Following the mounting backlash across all sectors, Marcos vetoed P92.5 billion, or about 62 percent, of the P243 billion in the UA in the 2026 GAA.
The vetoed amount constituted seven of the 10 projects listed in the UA. Only three projects were retained, namely, the support for foreign-assisted projects (P97 billion), military modernization (P50 billion), and risk management related to private-public partnership projects (P3.6 billion).
Erice noted, however, that the veto, while substantial, left a huge chunk of roughly P151 billion in “unconstitutional” funds intact.
During the House deliberations on the 2026 national budget last October, it was revealed that the Office of the President had released P214.4 billion in Unprogrammed Appropriations to the DPWH to fund some 3,700 infrastructure projects — including for flood control, roads, bridges and multi-purpose buildings — across 2023 and 2024.
ACT Teachers Rep. Antonio Tinio, another member of the minority, earlier said that the President — despite exposing the corruption in the flood control projects — shared the blame for the anomalies for “approving” the release of the UA.
He cited a provision in Book VI, Chapter 5, Section 35 of the Administrative Code of 1987 (Executive Order 292) providing that a lump-sum appropriation for any department must be “made in accordance with a special budget to be approved by the President.”
However, the Office of the President’s budget sponsor, Bataan Rep. Albert Garcia, countered that the UA is not a lump-sum fund under Malacañang’s sole discretion, hence, it had nothing to do with the President.
Since 2023 — President Marcos’ first full year in office — Unprogrammed Appropriations had ballooned to unprecedented levels, reaching nearly P2 trillion, according to Tinio.
Garcia claimed that P168.2 billion was vetoed in the 2025 budget.
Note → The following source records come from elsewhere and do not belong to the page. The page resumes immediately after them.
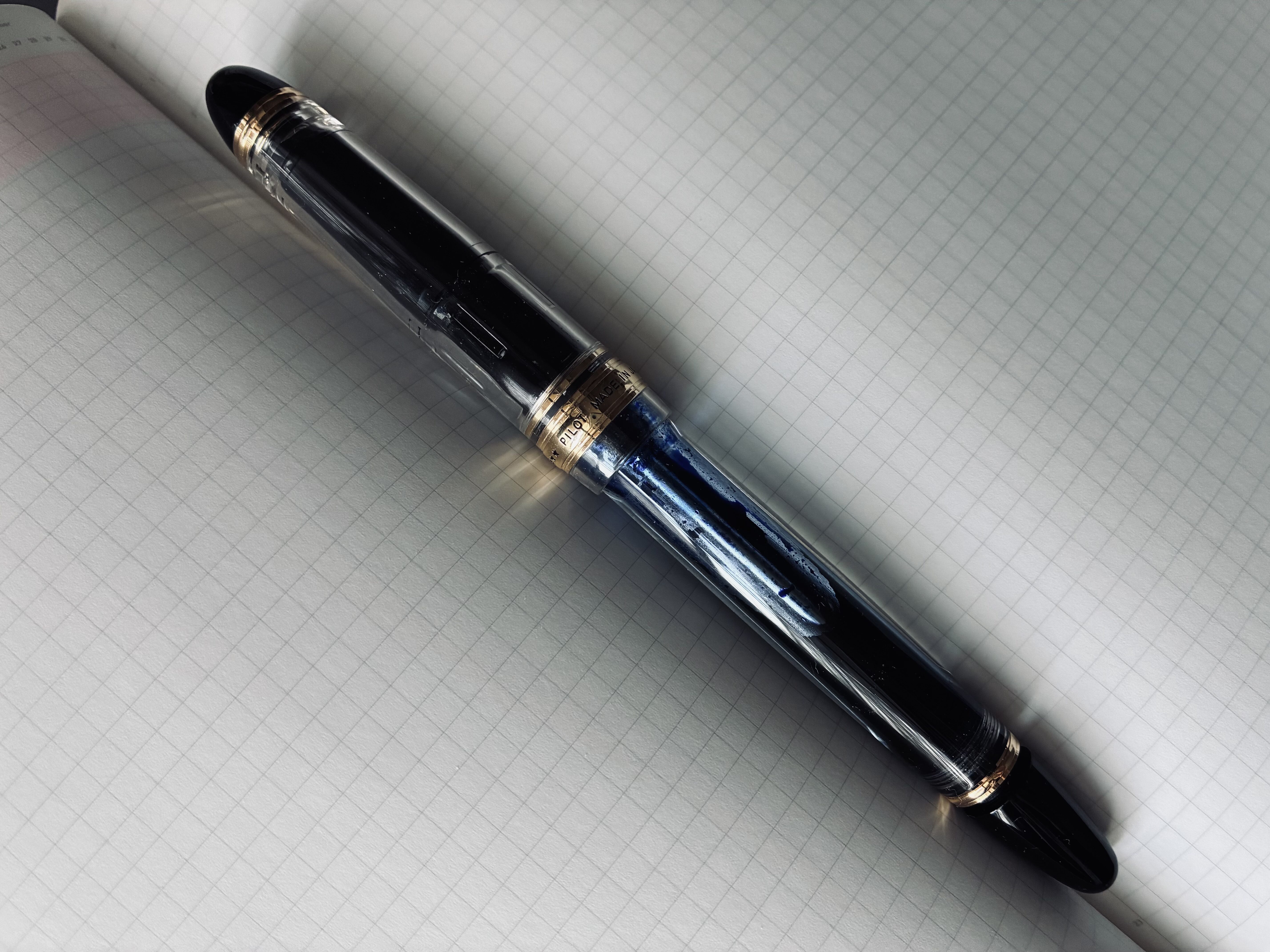 インクの見える透明軸が美しい。何より、吸入するときの音が心地良い。今にして思えばほとんど一目惚れだった。プランジャー式という、国産の万年筆としてはほかにない個性的なデザインだったのも決め手のひとつになった。
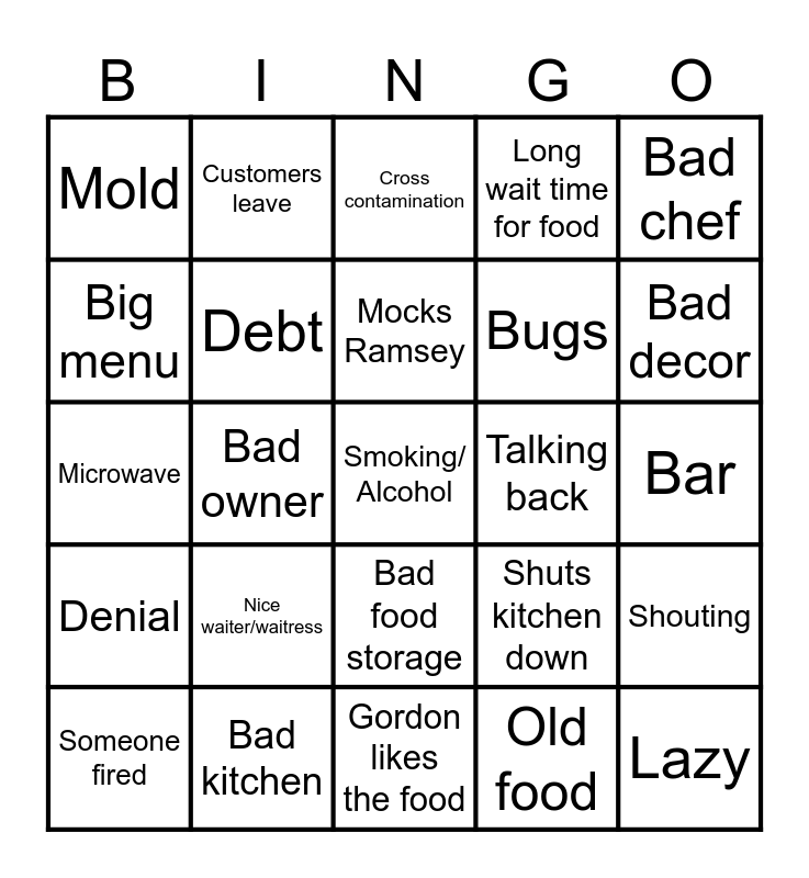 This bingo card has 25 words: Denial, Bad kitchen, Smoking/ Alcohol, Old food, Bad chef, Mold, Customers leave, Cross contamination, Talking back, Shouting, Big menu, Debt, Gordon likes the food, Shuts kitchen down, Bad decor, Someone fired, Bad owner, Mocks Ramsey, Bugs, Bar, Microwave, Nice waiter/waitress, Bad food storage, Long wait time for food and Lazy.
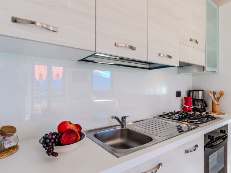 3 rom leilighet 50 m2 i 1st etasje. Lys, vakkert møbler: øverste etasje: (utendørs trapp) stue/spisestue med, spisebord og TV. Utgang til balkongen. 1 rom med, 1 dobbeltseng. Utgang til balkongen. 1 rom med, 1 x 2 køysenger, 1 uttrekkbar seng. Åpent kjøkken (stekeovn, oppvaskmaskin, 4 gassbrennere, brødrister, vannkoker, frys, elektrisk kaffemaskin). Dusj/WC. Gassoppvarming. Balkong, terrasse dekt. Terrassemøbler, balkongmøbler grill, liggestoler (2). Vakker panoramautsikt av vannet og fjellene. Fasiliteter: vaskemaskin, høy barnestol barneseng for barn opp til 2 år. Internett (trådløs LAN [WLAN], gratis). Parkeringsplass (1 Bil). Vennligst merk: røykfri bolig. Max kjæledyr / hund tillatt 1 kjæledyr / hund tillatt. Egen inngang. CIR: 013226-CNI-00007
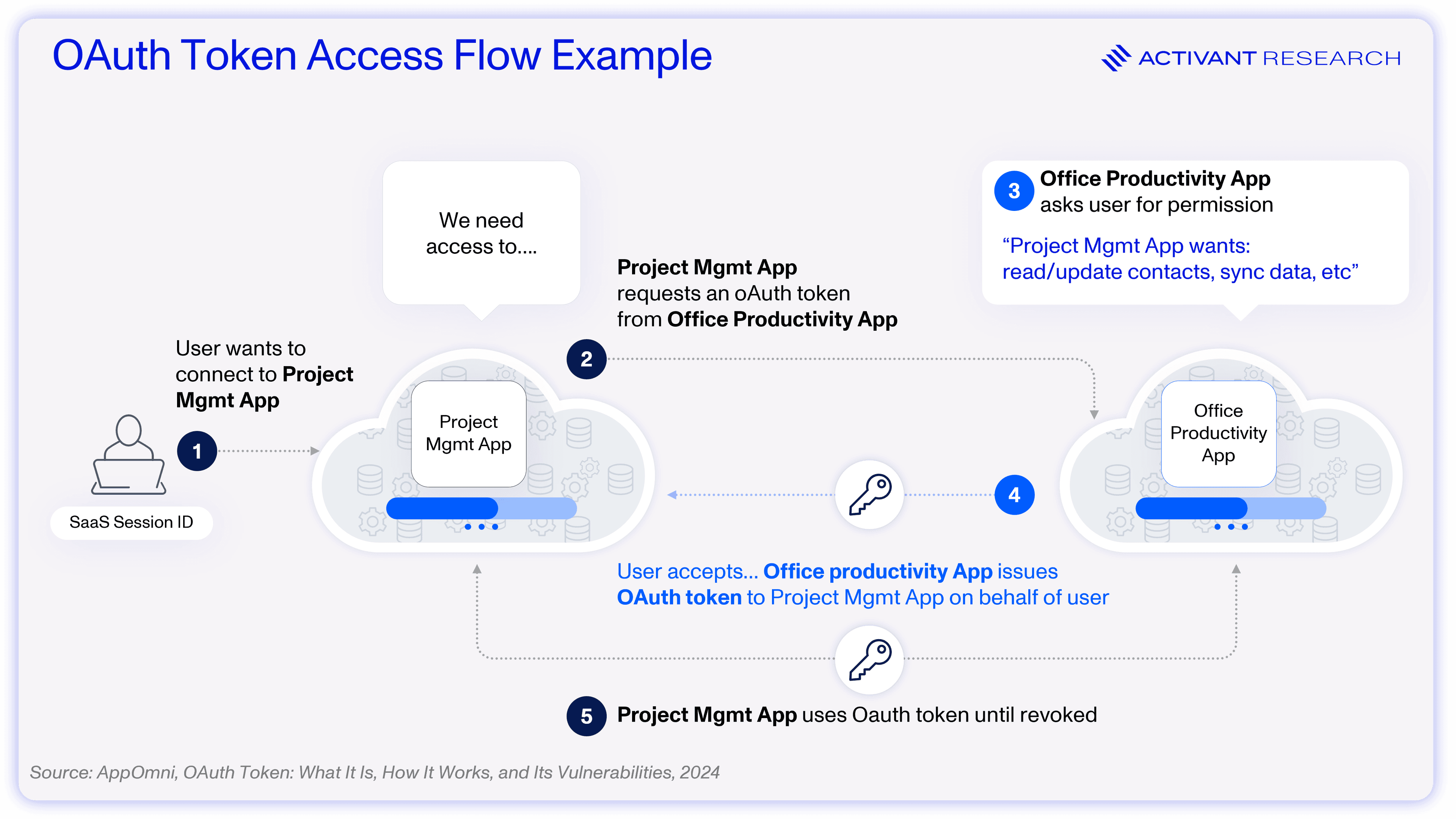 Consider the following example: a user approves access for a project management app to read their contacts from their core productivity suite (likely Microsoft 365). The flow is relatively simple and ubiquitous across many apps, highlighting the innovation that the OAuth standard has brought to the identity market. However, note that in this example (as in many real-world cases) the token is valid until manually revoked.
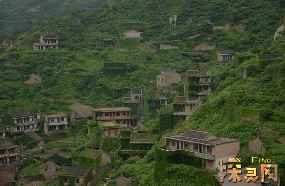 嵊山是位于浙江省舟山市的一座海岛,是我国著名的渔港。在嵊山岛东北面有一个村庄,叫做后头湾村,如今是一个无人的村庄,大家看看上面的图片,就可以看到,所有废弃的房子都爬满了绿色的植物,远远望去更是被植被给淹没了。因为村落旧址紧邻着一片坟场,当地人已经习惯于把那儿叫“鬼村”。
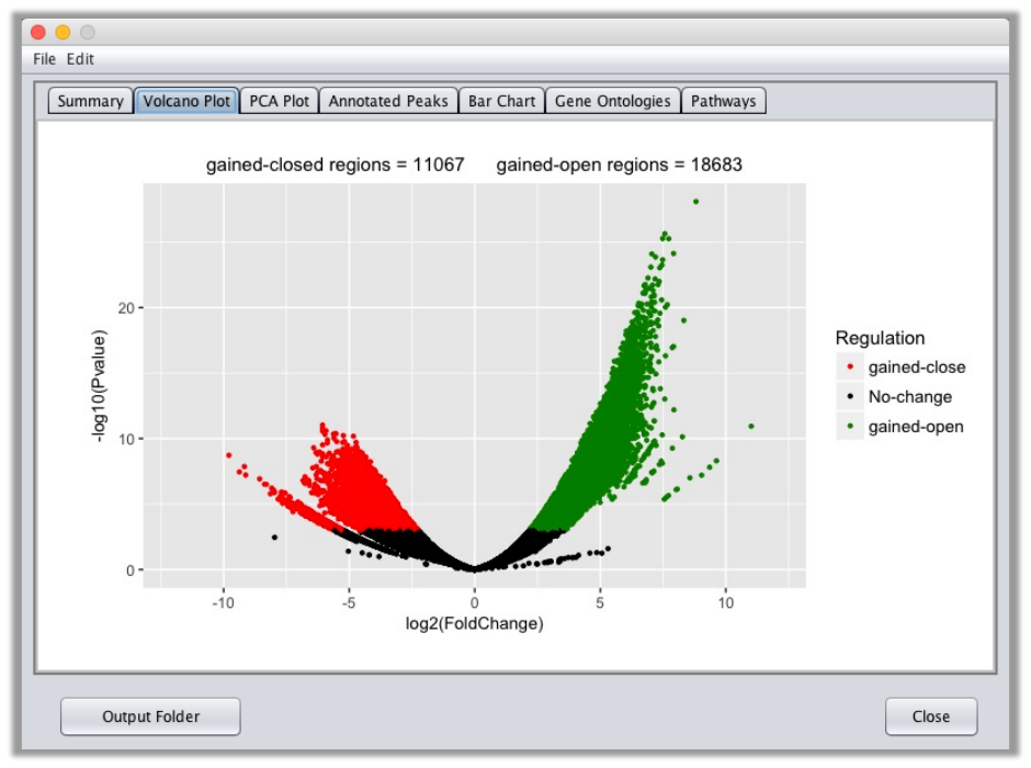 Figure 16. A volcano plot showing the differential ATAC-seq signals.
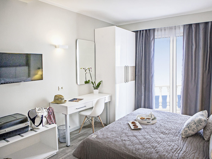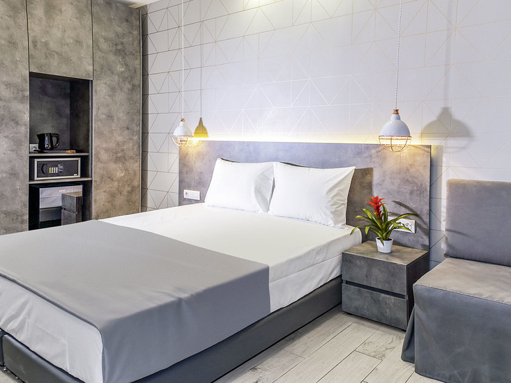 • Doppelzimmer (DZ, ca. 20 qm), Klimaanlage, Kühlschrank, TV, Telefon, Safe. Dusche, WC, Föhn. Balkon/Terrasse. Max. 2E+1K, auch zur Alleinnutzung buchbar
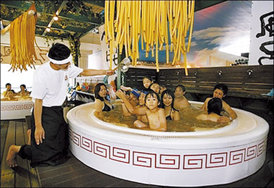 一家拉面馆店主说:“洗‘拉面浴’时,人们既能得到乐趣,又能利用到面条中健康成分。”
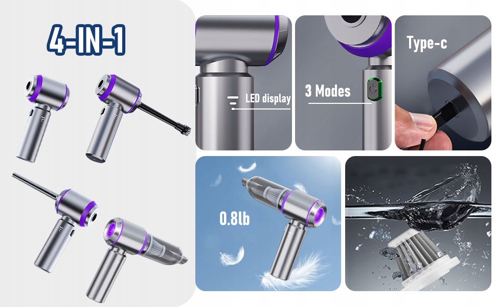 7 Функциональные аксессуары: Многофункциональные аксессуары для всех ваших потребностей. Длинная форсунка, кисть и длинная форсунка, тип управления и мусор. Насадка для волос обеспечивает сильный воздушный поток, чтобы быстро высушить сушилки или волосы. Заклинания могут сосать и раздувать организаторов работать. Защита животных может сосать пальто, когда ваш питомец чистка. Надувные форсунки могут надувать воздушные шары, плавательные тележки и т. Д.
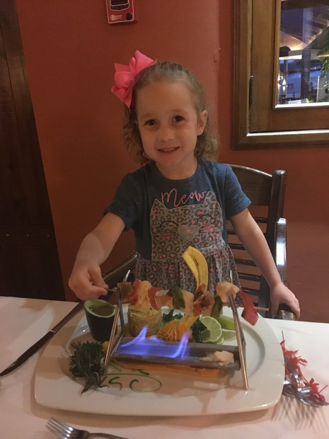В мексиканском ресторане на удивление не все было острым, а некоторые блюда даже оказались вкусными. Более того, там мы застали певцов, которые за вознаграждение исполняли по вашему желанию и запросу песню. Отвлекли Софийку на время - музыку она любит)))
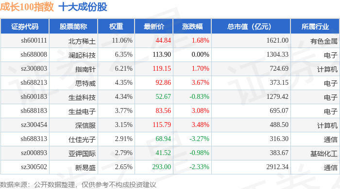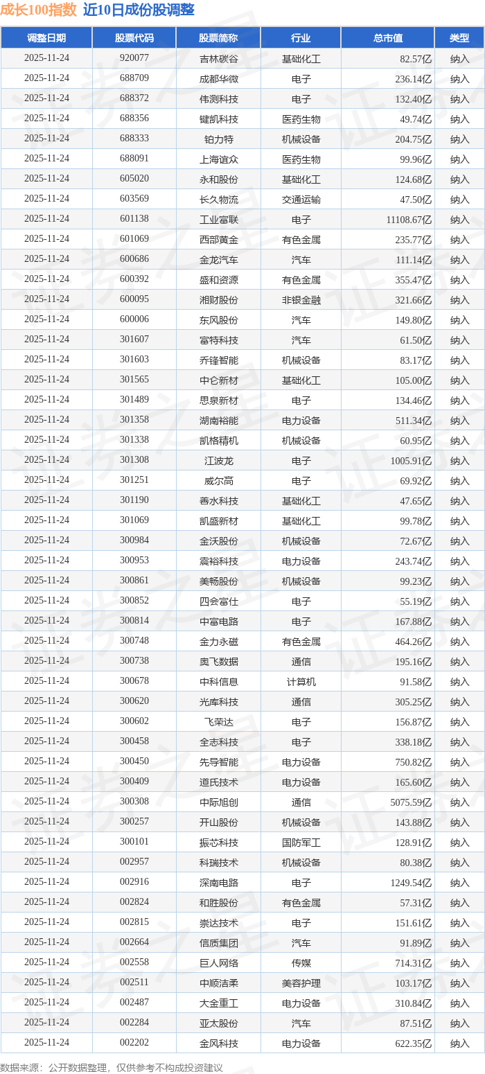 近10日内成长100(980080)指数成份股做了调整,新纳入了50只股票。
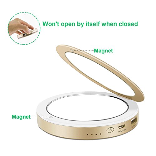 - Magnet Design Prevent Unwanted Opening --- This power bank mirror has built-in with magnets, so the mirror won't open by itself in the handbag;
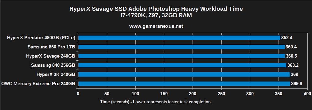The Savage SSD performs impressively well with Photoshop tasks. It's pushing nearly the same workload time as the 850 Pro, an SSD slated for prosumer use, and costs just slightly less at the low-end (though Samsung's 850 Pro is cheaper at the 1TB level).
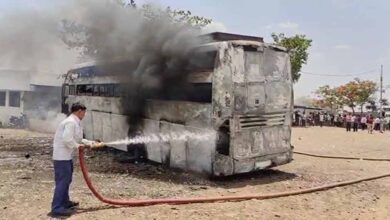 बस में लगी भीषण आग, फायर ब्रिगेड की टीम ने मौके पर पहुंचकर आग पर पाया काबू

For context, President Marcos actually vetoed P194 billion in line items from the P6.352-trillion 2025 budget, including P16.7 billion earmarked for flood control projects.
The 2025 GAA has been criticized as the “most corrupt” budget ever, allegedly inflated with bloated Unprogrammed Appropriations and discretionary funds, while allocations to the Department of Education and subsidies for the state health insurer PhilHealth were deeply cut.
Opposition lawmakers said the Department of Budget and Management was equally culpable for the budget blunders, suggesting that the agency may have been complicit with the DPWH, which has been embroiled in allegations of corruption and complicity with members of Congress, Cabinet officials, and private contractors involving anomalous multibillion-peso flood control projects.
Like the 2026 budget, the legality of the 2025 GAA is being contested before the SC and the high court has yet to rule on the matter.